WHAT YOU ARE ASKED TO DO
A verbatim copy is needed of the lines below from the one containing "Dodi Karnida, Kepala" up to and including the one containing "Alle sitzen auf", excluding pictures.

EXTRACTED INFORMATION
*** Begin section ***
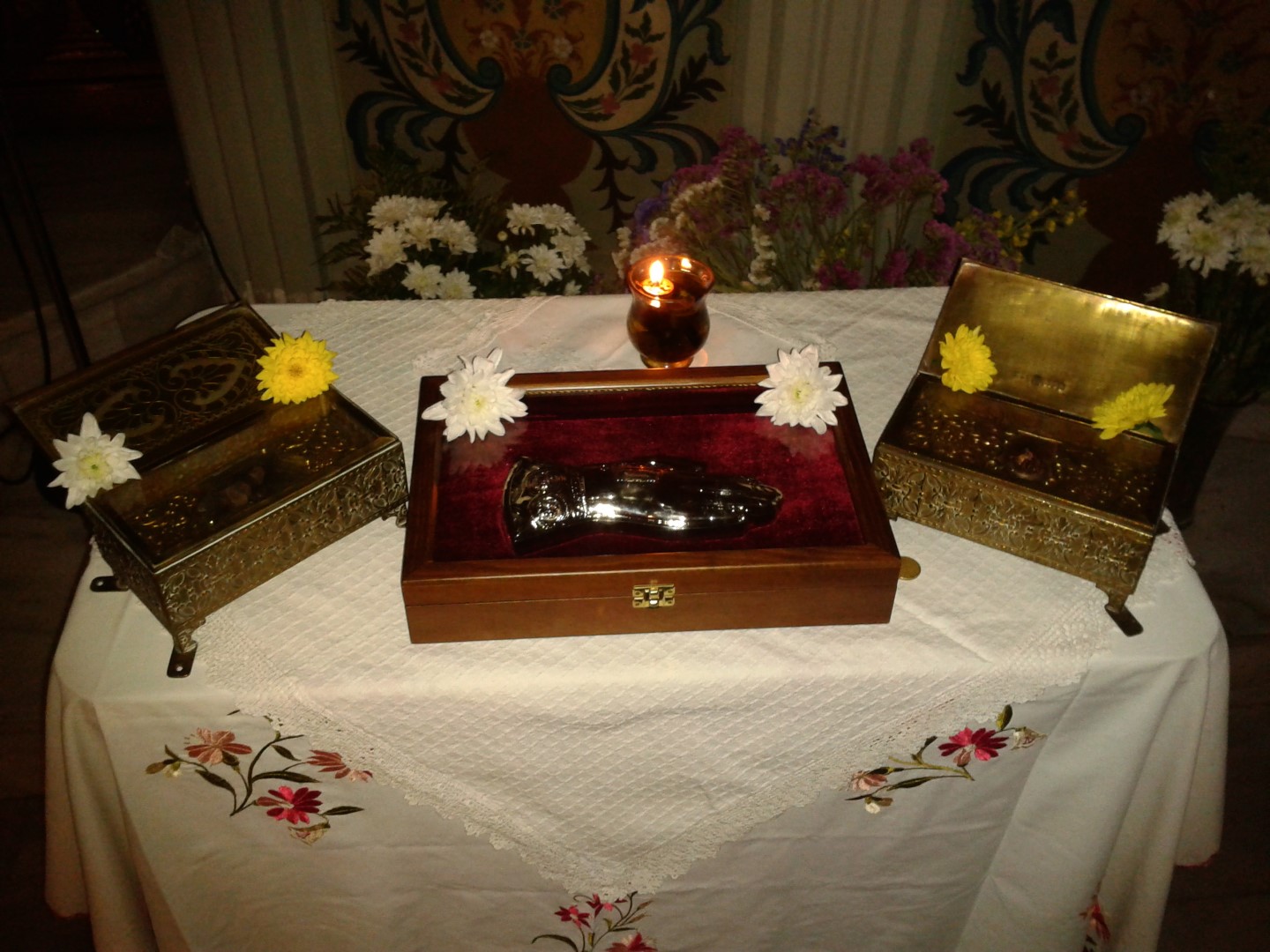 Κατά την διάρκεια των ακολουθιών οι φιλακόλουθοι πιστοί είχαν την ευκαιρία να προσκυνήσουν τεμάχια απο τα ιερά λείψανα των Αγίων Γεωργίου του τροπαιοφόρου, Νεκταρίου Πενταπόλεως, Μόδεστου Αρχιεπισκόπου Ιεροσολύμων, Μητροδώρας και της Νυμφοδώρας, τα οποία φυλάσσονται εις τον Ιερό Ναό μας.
*** End section ***
*** Begin section ***
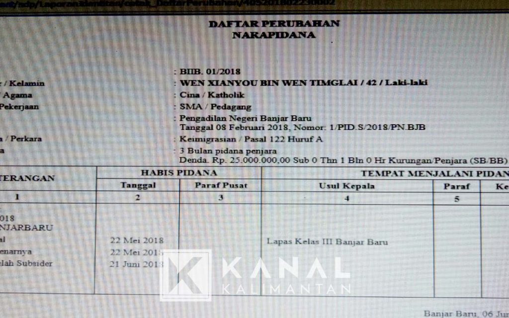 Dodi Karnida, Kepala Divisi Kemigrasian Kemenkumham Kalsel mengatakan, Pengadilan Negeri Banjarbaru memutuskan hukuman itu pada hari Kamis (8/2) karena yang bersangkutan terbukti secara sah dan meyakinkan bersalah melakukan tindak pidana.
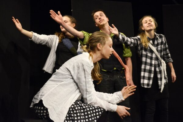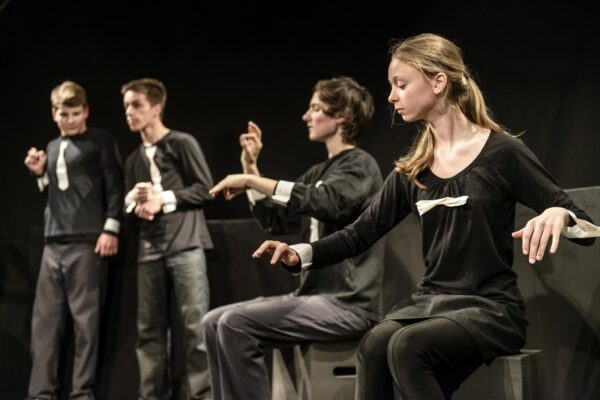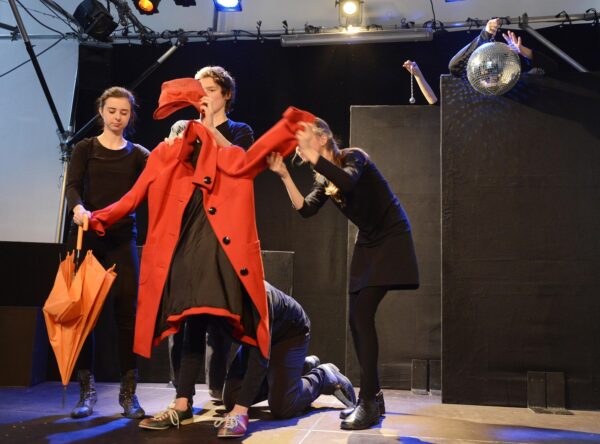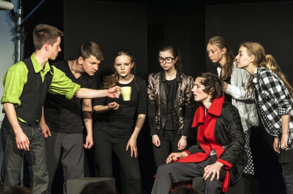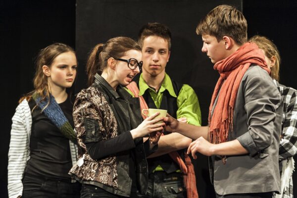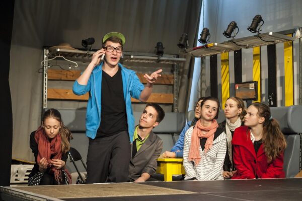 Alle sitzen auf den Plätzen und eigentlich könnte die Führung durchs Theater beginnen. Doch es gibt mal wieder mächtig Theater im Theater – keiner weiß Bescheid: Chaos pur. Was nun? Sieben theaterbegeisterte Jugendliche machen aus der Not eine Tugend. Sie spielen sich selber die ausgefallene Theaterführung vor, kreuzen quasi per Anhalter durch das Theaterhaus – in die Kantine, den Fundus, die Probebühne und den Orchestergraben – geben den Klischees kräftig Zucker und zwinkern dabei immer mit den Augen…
*** End section ***
*** Begin section ***
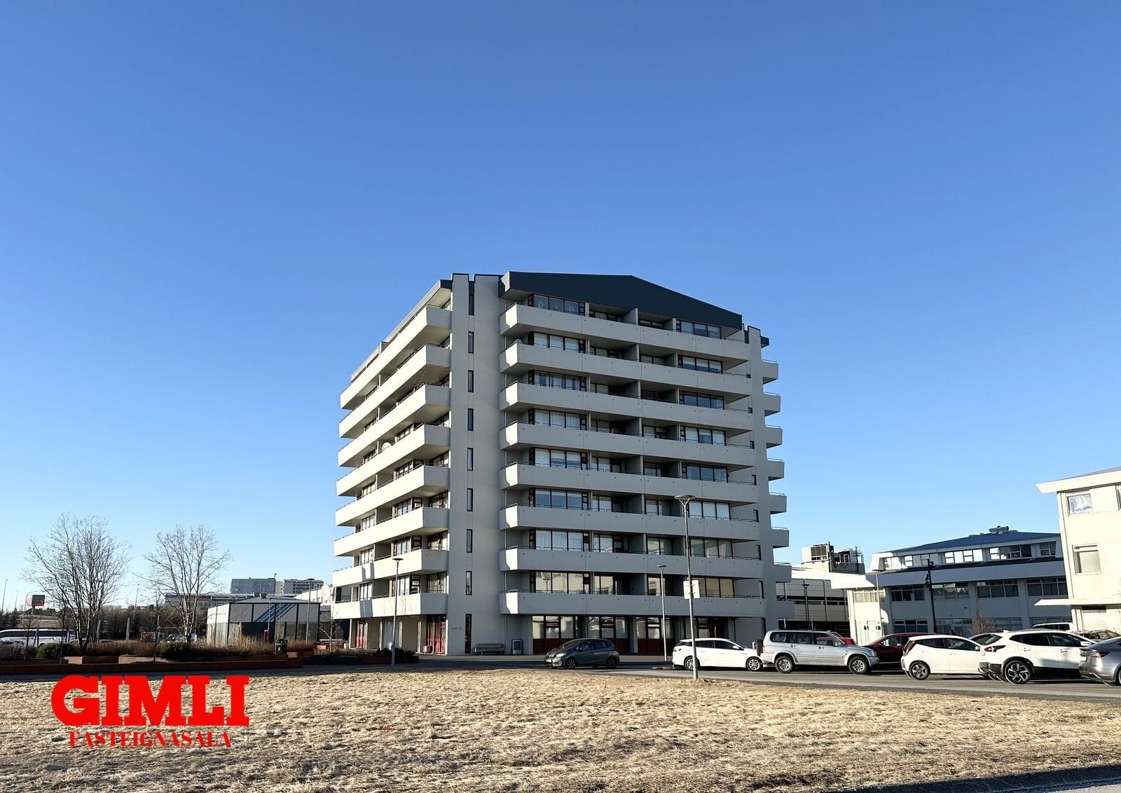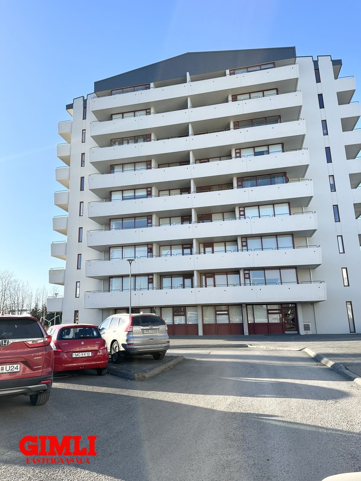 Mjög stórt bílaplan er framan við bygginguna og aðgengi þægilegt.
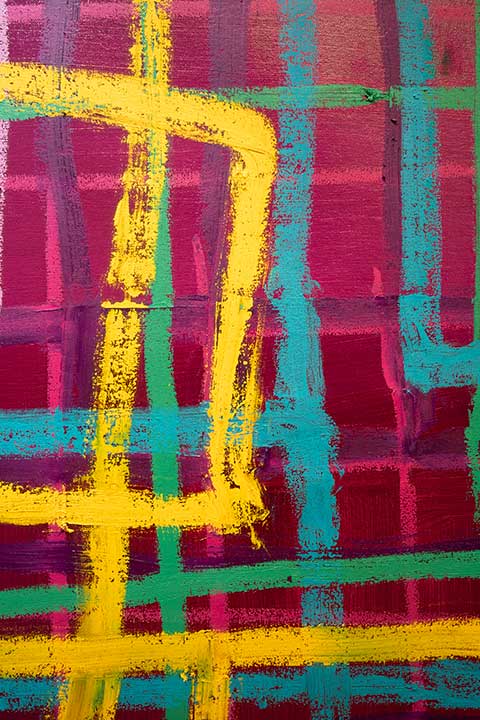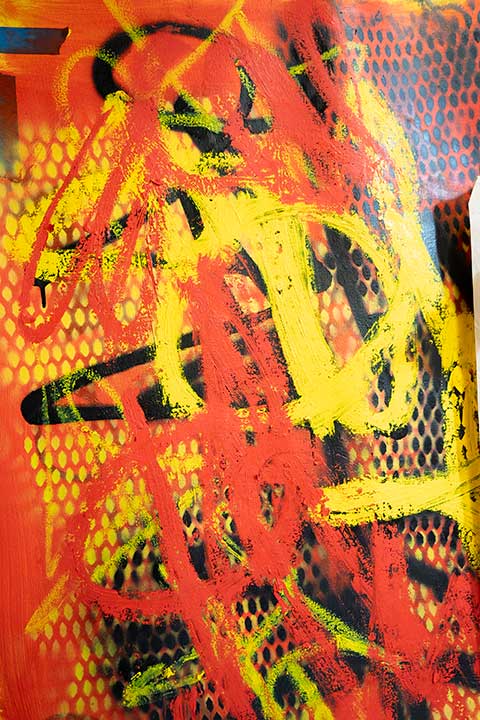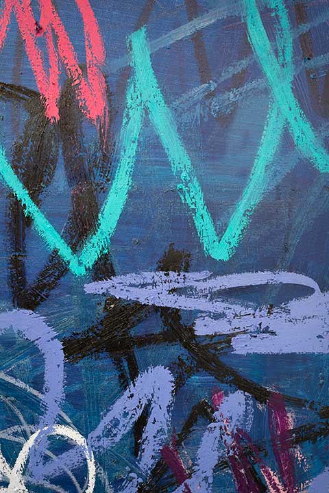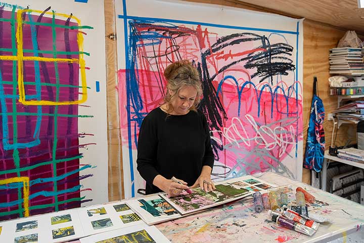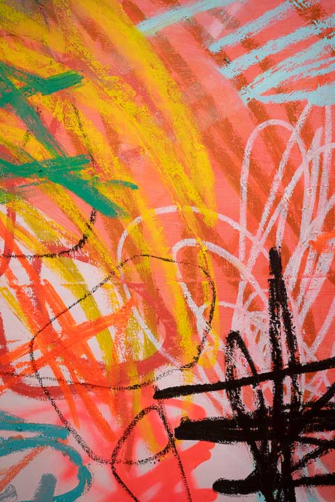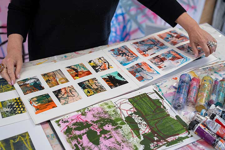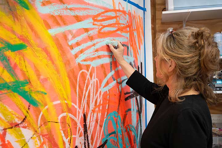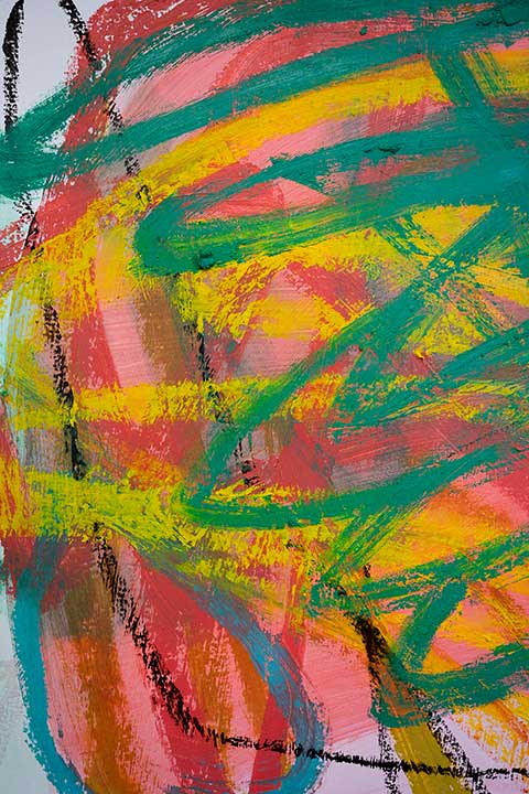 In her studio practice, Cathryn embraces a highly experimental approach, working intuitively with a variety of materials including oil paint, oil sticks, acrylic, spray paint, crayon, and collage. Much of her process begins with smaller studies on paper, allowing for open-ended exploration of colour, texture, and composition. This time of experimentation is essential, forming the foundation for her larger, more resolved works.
*** End section ***
ANSWER TO THE EXERCISE
 Dodi Karnida, Kepala Divisi Kemigrasian Kemenkumham Kalsel mengatakan, Pengadilan Negeri Banjarbaru memutuskan hukuman itu pada hari Kamis (8/2) karena yang bersangkutan terbukti secara sah dan meyakinkan bersalah melakukan tindak pidana.
 Alle sitzen auf den Plätzen und eigentlich könnte die Führung durchs Theater beginnen. Doch es gibt mal wieder mächtig Theater im Theater – keiner weiß Bescheid: Chaos pur. Was nun? Sieben theaterbegeisterte Jugendliche machen aus der Not eine Tugend. Sie spielen sich selber die ausgefallene Theaterführung vor, kreuzen quasi per Anhalter durch das Theaterhaus – in die Kantine, den Fundus, die Probebühne und den Orchestergraben – geben den Klischees kräftig Zucker und zwinkern dabei immer mit den Augen…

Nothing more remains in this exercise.